We were learning that the nucleus is the master plan of the cell. Little did we know that a different sort of treacherous master plan was to be executed.
We'd come, most from the other classes, some from churches. At first, when they told us there was a bomb, we were almost nonchalant. A decade of peace had raised a generation ignorant to the meaning of death at home. As if we somehow thought that a bomb, meant that things exploded, and maybe people got scratched a little, but surely no one is truly harmed?
We knew none of the pain, horror and terror of what it meant, to be bombed. After all, all we've heard were faraway stories of once upon a time.
But then the voices grew louder. Casualties came rolling in. Shock. Our people had been killed? The information almost didn't seem to be settling in. Almost as if the people in churches in Batticaloa aren't possibly real live human beings? Here? Now?

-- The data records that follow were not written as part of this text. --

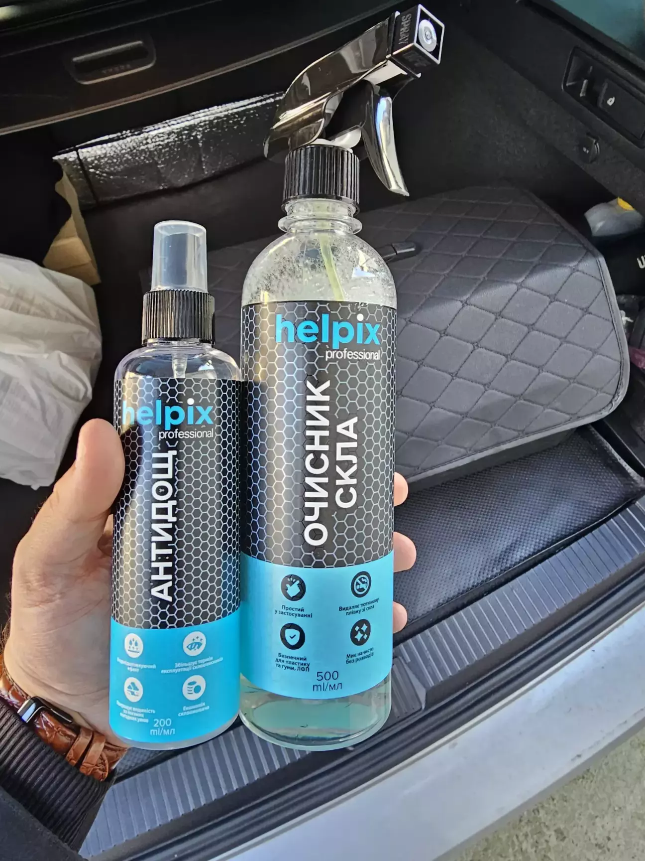 Спочатку вимив вікна та витер сухою мікрофіброю (очисних скла Helpix). Потім по інструкції наніс антидощ та розтер по склу, через 45 секунд почав розтирати підсохшу речовину. Видно, що скло чимось покрито.
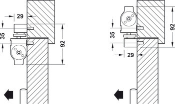 + Cùi chỏ hơi Hafele 931.84.289 thích hợp cho cửa mở trái và mở phải
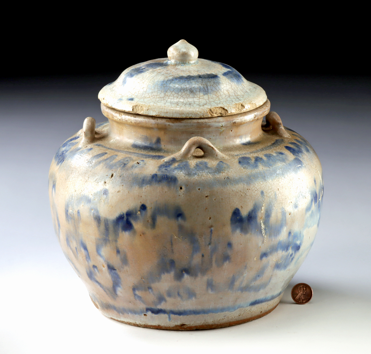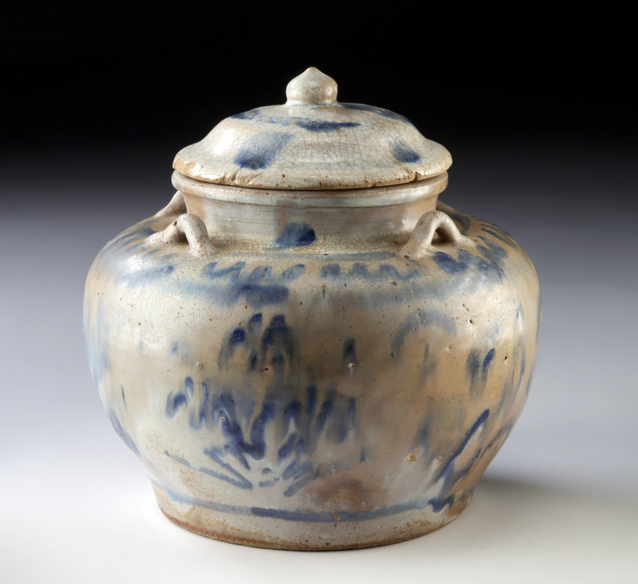East / Southeastern Asia, China, Qing dynasty, ca. 18th to 19th century CE. A blue-splashed export ware ginger or wine jar with a softly rounded body and lid. The pale glaze is animated by fluid cobalt washes that pool and feather across the surface. The shoulder is set with four small strap handles. Pieces of this type were widely traded from the southeastern mainland to the Philippines and likely continued along the Acapulco trade route. The form and decoration reflect the adaptability of Chinese kilns to overseas markets and taste. Size: 8.5″ W x 9.5″ H (21.6 cm x 24.1 cm)
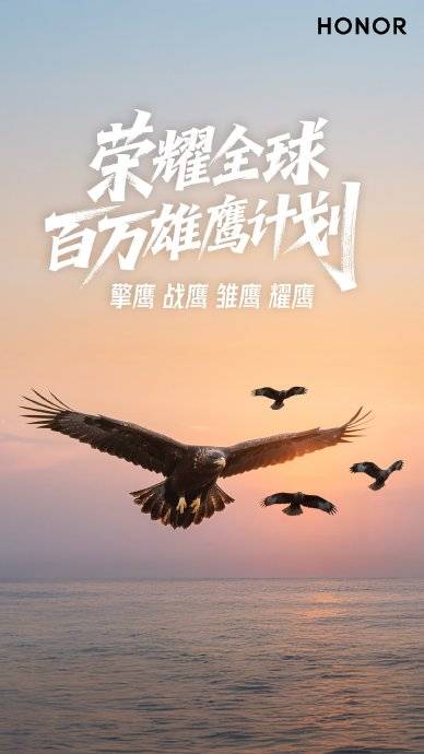 #荣耀李健国内首秀官宣百万雄鹰计划# 5月28日,#荣耀400#系列新品发布,荣耀CEO李健官宣"全球百万雄鹰计划",并发布首条个人微博。该计划面向全球招募10位技术领军人才、100名销售精英、1000名优秀毕业生及10000名荣耀用户体验官,并分别将其命名为“擎鹰”、“战鹰”、“雏鹰”、“耀鹰”。
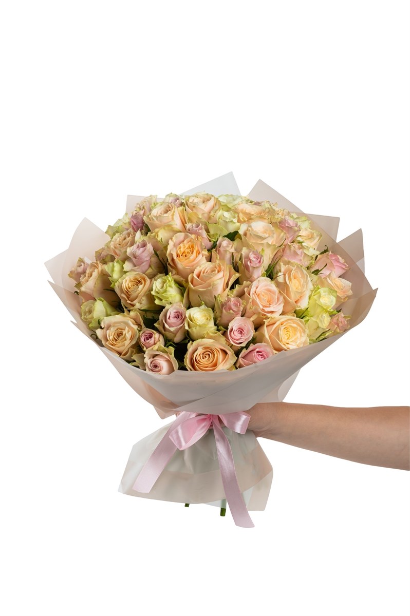 Роза кения микс 51 штука + оформление - это великолепный букет из нежных оттенков цветов, которые передают заботу и тепло о близком Вам челевеке. Оформление отлично дополняет букет и придает ему свой неповторимый шарм. Подарите яркость и красоту с Розой. Будьте уверены, что ваш подарок станет особенным и запоминающимся для того, кто его получит.
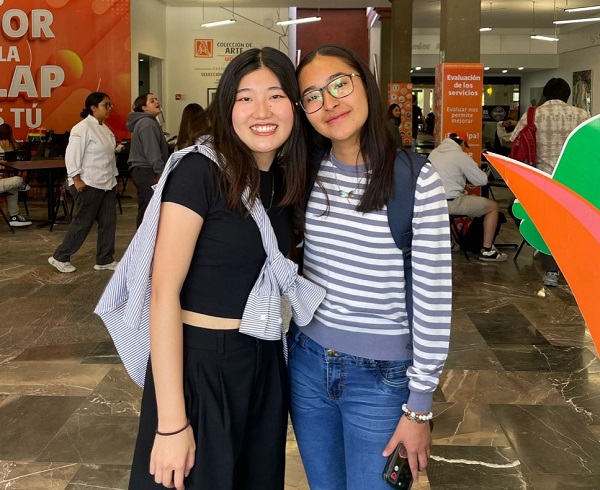 ▲昨年、交換留学をしていたラスアメリカスプエブラ大学を訪れたときに再会した元ルーミー(右)です
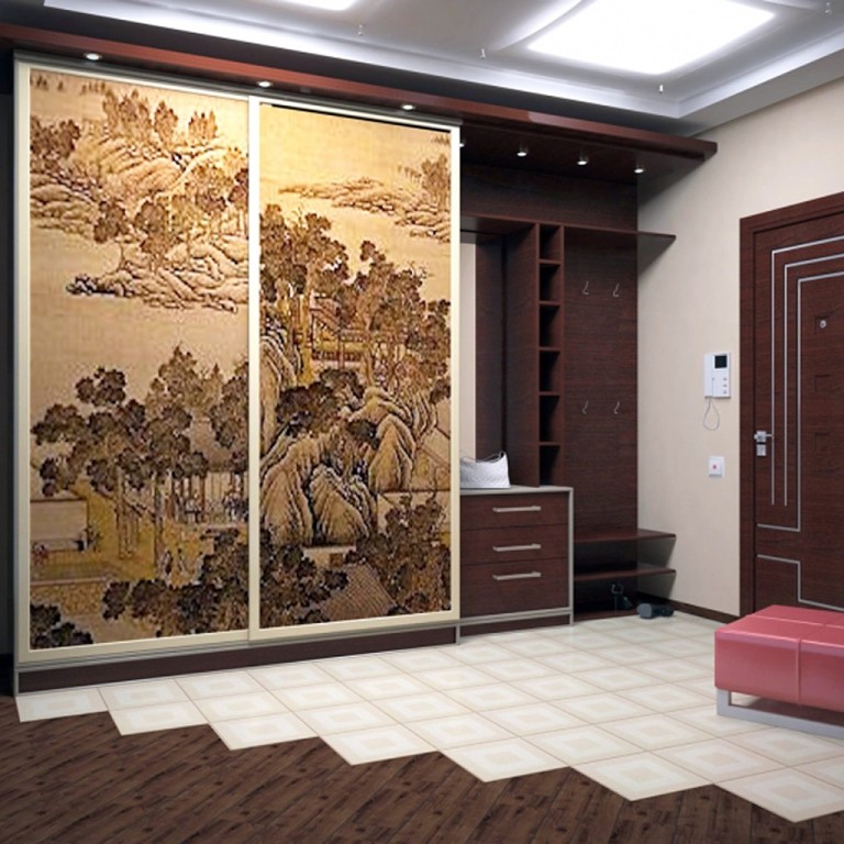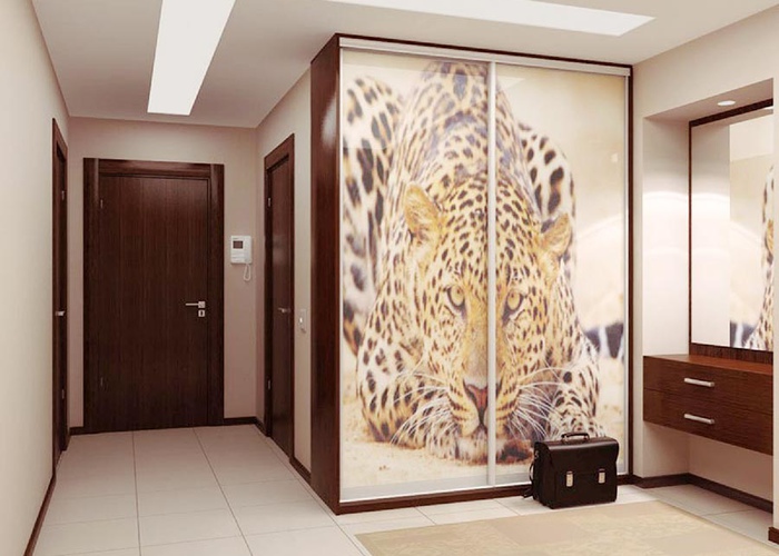 Lors de la décoration du hall d'entrée à l'aide d'une armoire coulissante, la décoration de la façade avec divers verres est spectaculaire: miroir, mat ou vitrail. Récemment, les modèles avec impression photo ont été très courants, remplaçant le papier peint photo familier. L'utilisation d'un éclairage intégré rend ce meuble aussi confortable que possible et vous permet également de l'utiliser comme lampe de nuit.

Class was dismissed asking us to call in parents who hadn't arrived to pick up their children yet. A teary eyed classmate turned to me saying "A life lost is gone", as if trying to comprehend. Some were talking about how bombs were illegal and that there must've been foreigners involved.
Reaching home, though, the news told us a whole new chapter. Batticaloa wasn't alone. 5 others had been victimized. A nation-wide attack.
The government swiftly flew into action. Messaging apps and social media banned. Curfew from 6. A mixture of grief and terror strewn across the country.
We were unaffected till now. Yet terror existed. Nations across the world seem to be stranded in strife. Sri Lanka seemed to have just been added to the list, and we hope and pray it doesn't stay that way.